India's Modi heads for landslide win, bolsters PM prospects

AHMEDABAD: The controversial Hindu nationalist Narendra Modi headed for a landslide election win in the Indian state of Gujarat on Thursday, firming up his chances of running for prime minister in 2014.

Modi, a charismatic but divisive figure, was set to be re-elected as chief minister of Gujarat, sealing his status as the most high-profile leader of the right-wing Bharatiya Janata Party (BJP) ahead of national polls in early 2014.

Supporters of the BJP, which is the main opposition party in the national parliament, chanted and waved flags in delight as official counting put the party ahead in 118 seats with the rival Congress party leading in just 59.

While the victory was expected, Modi's popularity on the national stage remains uncertain with his reputation tarnished by allegations over links to deadly Hindu-Muslim riots in his home state in 2002.

Gujarat, which has a population of 60 million people, is one of India's fastest-growing and most pro-business states but it was badly scarred by the riots in which 2,000 people, mostly Muslims, were killed.

“Modi has proven that he has the ability to showcase himself as a prime ministerial candidate,” Sebastian Morris, an economics professor at the Indian Institute of Management in Ahmedabad, Gujarat's main city, told AFP. “Congress will have to work hard to check his increasing clout.”

Though he has never openly declared his ambition to be prime minister, Modi is seen as angling to lead the BJP into the 2014 national elections – with the ruling Congress party weakened by slowing growth and corruption scandals.

But many in the BJP itself are wary of Modi, fearing that he remains a hate figure for Muslims and secularists following the 2002 riots, some of the worst unrest in post-independence India.

Modi, who has been chief minister since 2001 and is seeking a fourth term, is blamed by some rights groups for turning a blind eye as mobs went on an orgy of violence with victims set alight or hacked to death in the streets.

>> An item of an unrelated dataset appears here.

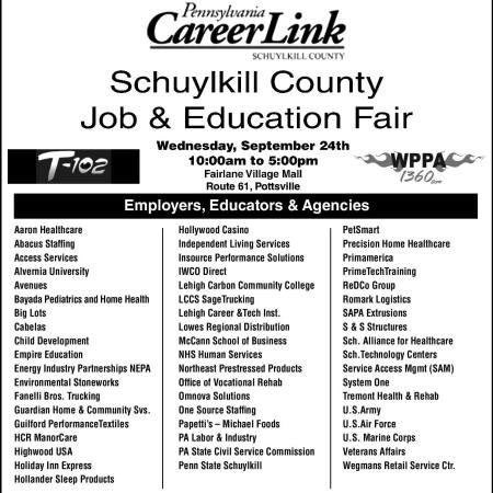 JOB AND EDUCATION FAIR WEDNESDAY AT FAIRLANE VILLAGE MALL IN POTTSVILLE; OVER 500 JOB OPENINGS

“Big success in one state does not mean that the party is ready to put Modi centre stage,” Pralay Kanungo, of the Centre for Political Studies at Jawaharlal Nehru University in Delhi, told AFP. “The big challenge for him is appease his party and potential allies. He will have to fine-tune his political skills to be the BJP candidate in 2014.”

Modi campaigned in the state polls on a platform of economic expansion and investment, gathering votes from a broad range of farmers, small businesses and young people attracted by his strong personal style, analysts said.

Modi, who denies any wrongdoing over the 2002 unrest but is still denied a US visa since the attacks, avoided Hindu nationalist themes on the campaign trail.

Congress received some good news in the Himachal Pradesh state which also went to polls, where it was forecast to throw out the BJP.